More than 29,000 customers lost electricity in Ireland when winds gusting up to 70 mph blew through communities in the northern and eastern parts of the country.

In Poland, three people died in the village of Poraj when a tree fell onto their car. Winds reached 85 mph throughout the northern part of the country. Firefighters responded to more than 1,500 emergency calls. Winds caused more than 400,000 customers to lose electricity.

Storm surges reach 20 feet
In Hamburg, Germany, water levels rose to 13 feet above the normal high tide level. Parts of the city center and port areas were flooded.

At its highest level, the morning of Dec. 6, the tidal surge measured 20 feet above sea level, according to a Hamburg official, the highest it has been since the early 1990s.

Fortunately for many Europeans, the last 60 years have seen vast improvements in tidal defenses. Last week, the Thames barrier was closed for two days to protect residents of low-lying areas around greater London and the Thames estuary.

At its highest, the storm surge caused a 6-foot-plus difference in water height between the downriver and upriver sides of the barrier. In Hull, according to a report on the Climate Central website, the level of the River Humber rose to a record high of 19 feet on the night of Dec. 5. Flooding was stemmed by a barrier that has been in place since 1980.

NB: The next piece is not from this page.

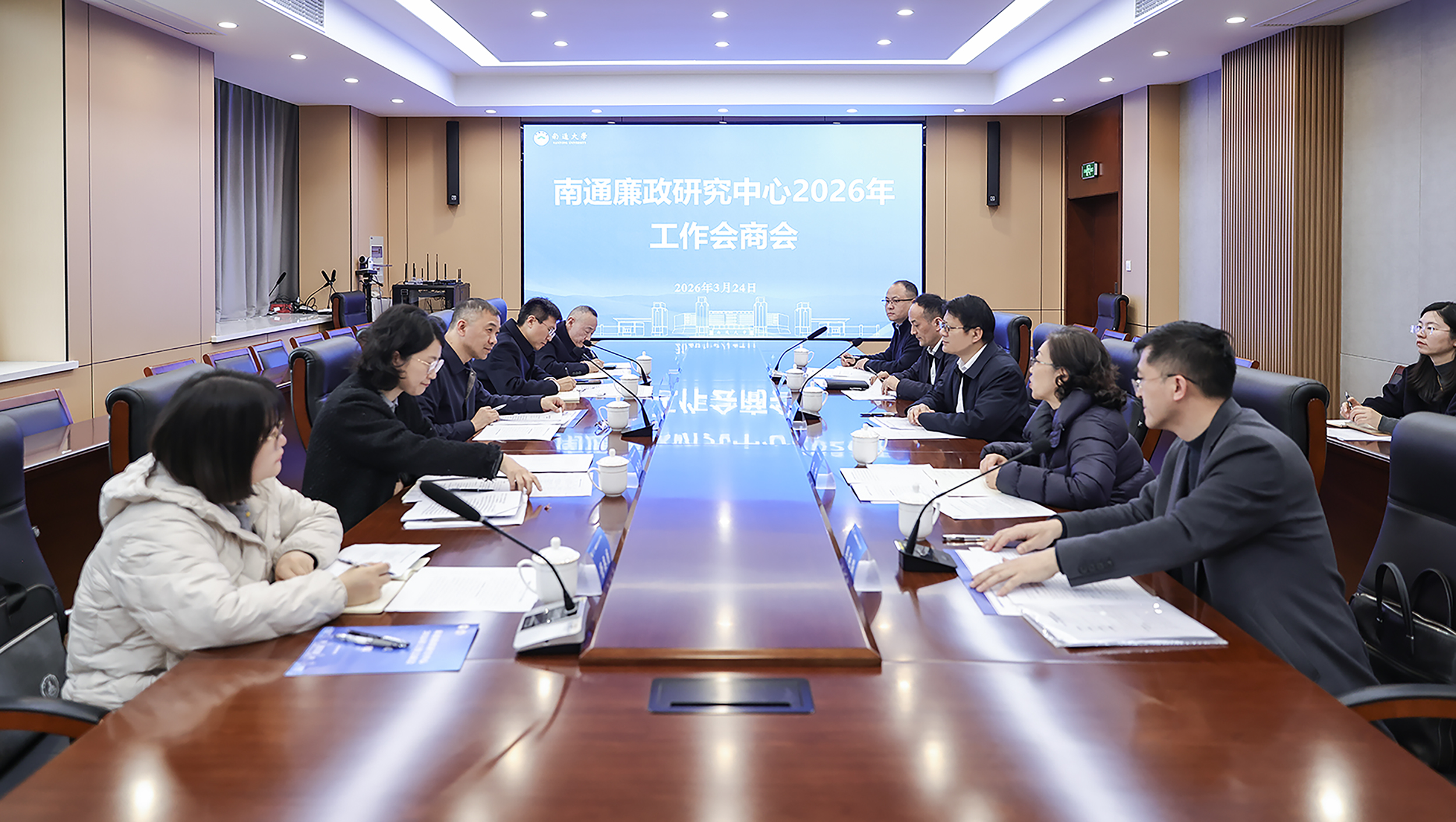 3月24日下午,南通廉政研究中心召开2026年工作会商会。校党委常委、纪委书记、派驻监察专员、南通廉政研究中心主任周振修,南通市纪委副书记、监委副主任陈德军出席会议并讲话。南通市纪委常委、秘书长陈四维主持会议。

In the Netherlands, the Eastern Scheldt storm surge barrier, a complex of dams, sluices and dikes built to protect the large area of land around the Rhine-Meuse-Scheldt delta, was closed off for the first time in six years.

Dutch authorities said they had issued the highest possible flood warning for four areas in the north of the country. In the southwestern province of Zeeland, officials reported that the North Sea had risen by 13 feet, the highest level since 1953.

Damage estimates lag
Estimates of the magnitude of losses generated by Xaver will be several days in coming. Insurance brokers, reinsurers and risk modeling firms say it is too early to speculate. A spokesman for Aviva, the United Kingdom's largest insurance company, said, "The impact is still being measured on the ground. We're assessing and monitoring areas affected."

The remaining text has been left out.